An Afghan refugee who has been held in Australian immigration detention for more than eight years is pleading for his release in a bid to return to Taliban-controlled Afghanistan and rescue his family following the withdrawal of US troops on Tuesday.
The refugee, who for his family’s safety can only be identified as FGS20, a pseudonym used in court proceedings, worked alongside coalition forces in Afghanistan after the United States military invaded the country and toppled the Taliban government in 2001.
At the beginning of this month, as the Taliban retook one Afghan city after another, FGS20 filed an application for emergency evacuation visas for his wife and four children.
Then, as the Taliban advanced on the Afghan capital, Kabul, FGS20’s lawyers took the Australian government to court, seeking an urgent decision.
But the government, led by Australian Prime Minister Scott Morrison, said on Wednesday that it would not be able to decide whether to grant the Subclass 203 Emergency Rescue visas before the US withdraws all of its troops from Afghanistan on August 31.
Increasingly desperate, FGS20 said he made a formal request on Thursday to “please” be sent back to Afghanistan “immediately”, stating that he “needs to travel tonight”.
There has been no response from the Australian government, however.
“[The] Australian government wants to kill me in here, in detention,” FGS20 said, referring to desperate thoughts of taking his own life.
“And … the Australian government has given a chance to the Taliban … to kill my family.”
‘We have failed so many people in Afghanistan’
FGS20 fled Afghanistan in 2013 and arrived by boat in Australia, with the aim of seeking asylum in the country with his family.
“I [thought] I [would spend] maybe one month or two months [in] detention,” he said. “After two months, I [would] go to [the] community [and] bring my family to a safe country.”
Instead, he has been held in Australian immigration detention for more than eight years. FGS20 spent the first six years of that time in a notorious offshore detention centre on Papua New Guinea’s Manus Island.
Then in 2019, he was brought to Australia for medical treatment. Since then, he has been held at a range of detention centres and Alternative Places of Detention (APODs) around the country.
During this time, FGS20 said he has lost 15 relatives to the Taliban, including his brother.
“Every time I [heard I’d] lost one of my family,” said FGS20, “I [couldn’t] do anything … nothing.”
Jane Alcorn, an Australian citizen whom FGS20 refers to as his “Australian mum”, said she would never forget the day FGS20 lost his brother.
“I remember when he phoned me, it was in the middle of the day and I was at the shop,” Alcorn said. “I went to sit in the car because I just couldn’t think clearly for a minute … I knew it [was] true, but I couldn’t really believe it … and [FGS20] was so, so sad, you can’t imagine.”

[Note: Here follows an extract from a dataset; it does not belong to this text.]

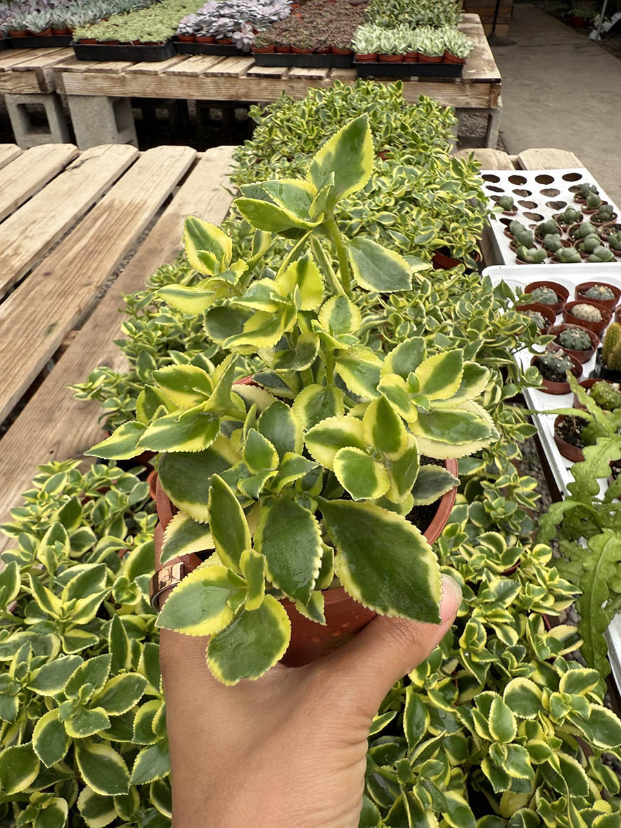 This Crassula Sarmentosa Variegata in a 4″ size features stunning variegated leaves with a cascade-like growth pattern, making it a perfect addition to interior landscapes and retail settings. Its compact size and unique leaf texture attract attention effortlessly. With minimal water needs (1), moderate light requirements (2), and easy general care (1), this plant is ideal for beginners and enthusiasts looking to enhance their spaces with a touch of elegance.

The Taliban, who took control of Kabul on August 15, has offered a general amnesty for former government officials and promised to respect women’s rights and media freedoms. But there are already reports of Taliban fighters targeting people who have worked with the US or NATO forces.

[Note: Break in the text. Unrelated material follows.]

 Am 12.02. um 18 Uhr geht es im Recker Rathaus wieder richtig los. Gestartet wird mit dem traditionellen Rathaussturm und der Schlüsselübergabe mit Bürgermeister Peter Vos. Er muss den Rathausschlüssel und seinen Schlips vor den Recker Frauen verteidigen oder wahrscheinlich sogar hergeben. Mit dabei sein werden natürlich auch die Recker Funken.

A confidential threat assessment prepared for the United Nations on August 25 said Taliban fighters were going house to house, setting up checkpoints and threatening to arrest or kill relatives of “collaborators” in major cities.
‘Moral obligation’
Refugee lawyer and human rights advocate, Atika Hussain, said Australia has a “moral obligation” to evacuate the family members of Australian citizens and residents with or without a visa.
That obligation extends to FGS20’s family, she said, because the protection he has received as a refugee should morally extend to his immediate family now that the Taliban have taken control, and they are in danger, too.
Australia’s rescue efforts were a failure, she argued, with evacuations starting too late and ending too soon.
“We have failed so many people that are still in Afghanistan,” she says.
Morrison, the prime minister, said the Australian military has evacuated 4,100 people from Kabul, including 3,200 Australians and Afghan nationals with Australian visas.
The Australian airlift ended on Friday, shortly before a member of the ISIL-affiliated Islamic State in the Khorasan Province, ISKP (ISIS-K) detonated his explosives outside the Kabul airport, killing more than 100 Afghan civilians who had been thronging the airfield in a desperate bid to leave the country.
The Human Rights Commission of Australia has “urged the Government to consider expanding Australia’s resettlement programme with a specific Afghan intake”.
The commission recommended the Australian government take in an additional 20,000 Afghan refugees, especially in light of the ISKP attack.
Al Jazeera contacted the Department of Home Affairs and the Australian Border Force for comment on FGS20’s case, but there was no response at the time of publication.
Watching all of this unfold from inside the Park Hotel APOD and helpless to do anything about it, FGS20 said he has been under immense pressure. He now feels there is little hope of rescue for his family.
“My son has asked me if you’re not going to help me, you come back and [we will] die together,” he told Al Jazeera. His son is just 14 years old.
“Before America has left, [the] Australian government must send me back [to Afghanistan],” he added.
After the US withdraws, “it is finished,” he said. “I [won’t] have any family.”